The output indicates that the system does not reach equilibrium for a load $$w^{max}$$ = 5.85 MN/m. The last stable case in the preceding listing is for a load of 5.80 MN/m. These results bound the value computed with the analytical solution.

The distribution of bending moments and shear forces before collapse can be obtained from the file “plasticmoment_580.f3sav”—see Figure 4 and Figure 5.

The location of the failed hinge can be seen by plotting the link yield state indicators in the $$y$$-rotation degree-of-freedom, as seen in Figure Figure #plastichingesbeam-yieldstate. Note that only one of each pair of nodes has a link, so the side of the element connected to that node will display the “No Link” state. The plot indicates that the plastic hinge developes at link 12. Each element has a length 0.5 m; thus, the failed link is located at a distance of 6 m. This is within reasonable agreement with the analytical solution in the closed form solution that predicts a value of $$x_D$$ = 5.86 m. The plastic hinge can also be observed by the plot of magnified geometry and displacement, as shown in Figure 6 for the limiting plastic moment approach.

Figure 4: Distribution of bending moments before failure for double-node approach (w = 5.8 MN/m).

Figure 5: Distribution of shear forces before failure for double-node approach (w = 5.8 MN/m).
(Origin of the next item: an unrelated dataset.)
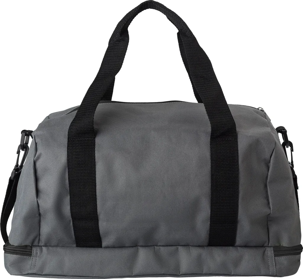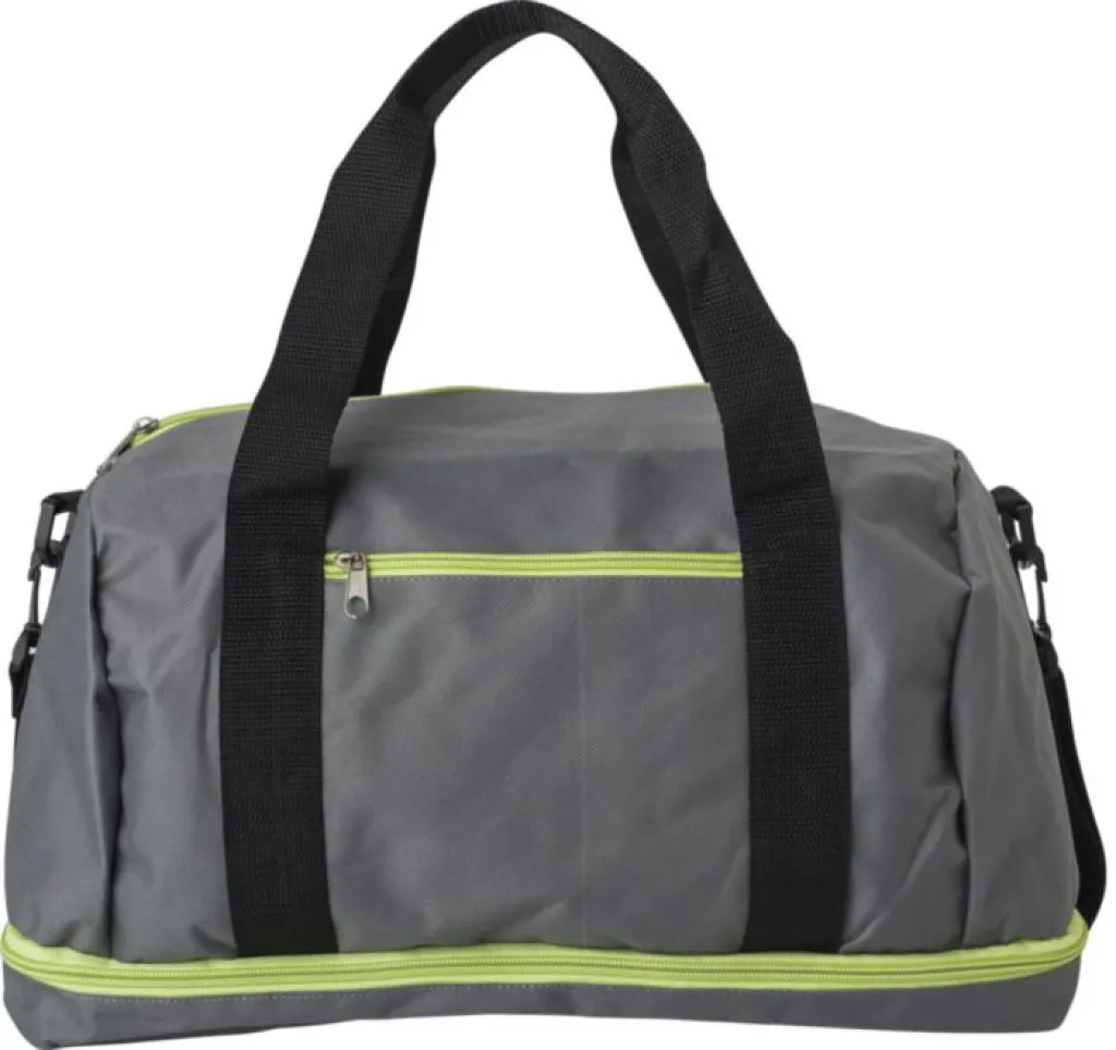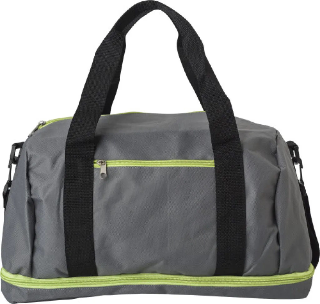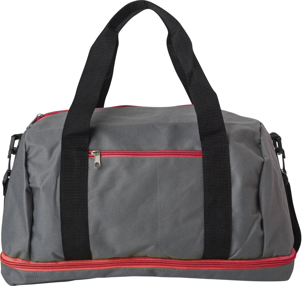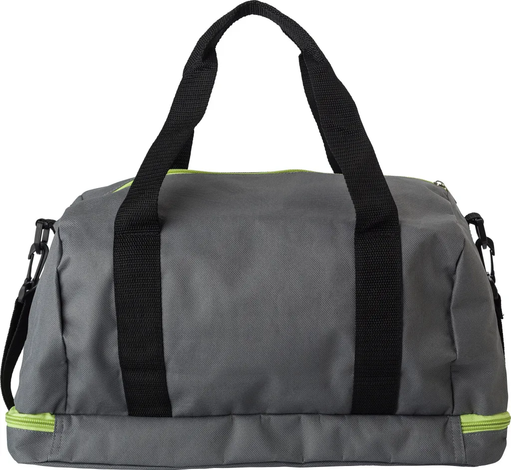 Small polyester (600D) sports bag with one zippered pocket and a separate shoe compartment at the bottom. The bag has two handles and an adjustable shoulder strap.

Figure 6: Magnified beam geometry and displacement vectors for limiting plastic moment approach.

Reference

Riley, W. F. and L. Zachary. Introduction to Mechanics of Materials. New York: John Wiley & Sons Inc. (1989).

Data Files

plastic-moment.dat

model new
model large-strain off
fish automatic-create off
;
struct beam create by-line (0,0,0) (10,0,0) segments 20
; Tag nodes with names
struct node group 'Begin'  range position-x 0
struct node group 'End'    range position-x 10
; beam properties
struct beam property young 210e3 poisson 0.3
struct beam property cross-sectional-area 1.0 moi-y 0.083 moi-z 0.083 ...
moi-polar 1.25e-4 plastic-moment 50
; fix b.c. for external nodes
struct node fix velocity rotation-x rotation-z range group 'Begin'
struct node fix velocity-y velocity-z rotation-x rotation-z range group 'End'
; apply bending moment
struct node apply moment (0,-50,0) range group 'Begin'
; take a history
model history mechanical ratio-local
;
fish define find_critical_load
loop global load (5.5,6.5,0.05) ; Load is global just so you can see
; progress in the FISH browser
local starting_cycles = mech.step
global filename = 'plasticmoment_' + string(load*100)
command
history purge
struct beam apply (0,[-load])
model solve ratio-local 1e-5 or cycles 100000
model save [filename]
end_command
local solve_cycles = mech.step - starting_cycles
local line = 'STABLE'
if solve_cycles >= 100000
line = 'UNSTABLE (maximum steps reached)...'
else if load > 6.5
line = 'STABLE and LAST'
end_if
io.out(line)
if line # 'STABLE'
exit loop
end_if
end_loop
end
[find_critical_load]
model save 'plasticmoment_final'
program return


double-node.dat

model new
model large-strain off
fish automatic-create off
; Created the beam using the separated keyword so elements do not share nodes
struct beam create by-line (0,0,0) (10,0,0) segments 20 distinct
; Tag nodes with names
struct node group 'Begin'  range position-x 0
struct node group 'End'    range position-x 10
; beam properties
struct beam property young 210e3 poisson 0.3
struct beam property cross-sectional-area 1.0 moi-y 0.083 moi-z 0.083 ...
moi-polar 1.25e-4
; Boundary Conditions for end nodes
struct node fix velocity rotation-x rotation-z range group 'Begin'
struct node fix velocity-y velocity-z rotation-x rotation-z range group 'End'
; Create links and set their conditions and properties
struct node join
struct link attach rotation-y normal-yield
struct link property rotation-y stiffness 3.0e6 yield-tension 50 ...
yield-compression 50
; apply bending moment
struct node apply moment (0,-50,0) range group 'Begin'
; Take some histories
model history mechanical ratio-local
; FISH function to keep increasing applied load till plastic failure.
fish define find_critical_load
loop global load (5.5,6.5,0.05) ; Global so it appears in the FISH browser
local starting_cycles = mech.step
local filename = 'doublenode_' + string(load*100)
command
history purge
struct beam apply (0,[-load])
model solve ratio-local 1e-5 or cycles 100000
model save [filename]
end_command
local solve_cycles = mech.step - starting_cycles
local line = 'STABLE'
if solve_cycles >= 100000
line = 'UNSTABLE (maximum steps reached)...'
else if load > 6.5
line = 'STABLE and LAST'
end_if
io.out(line)
if line # 'STABLE'
exit loop
end_if
end_loop
end
[find_critical_load]
model save 'doublenode_final'
program return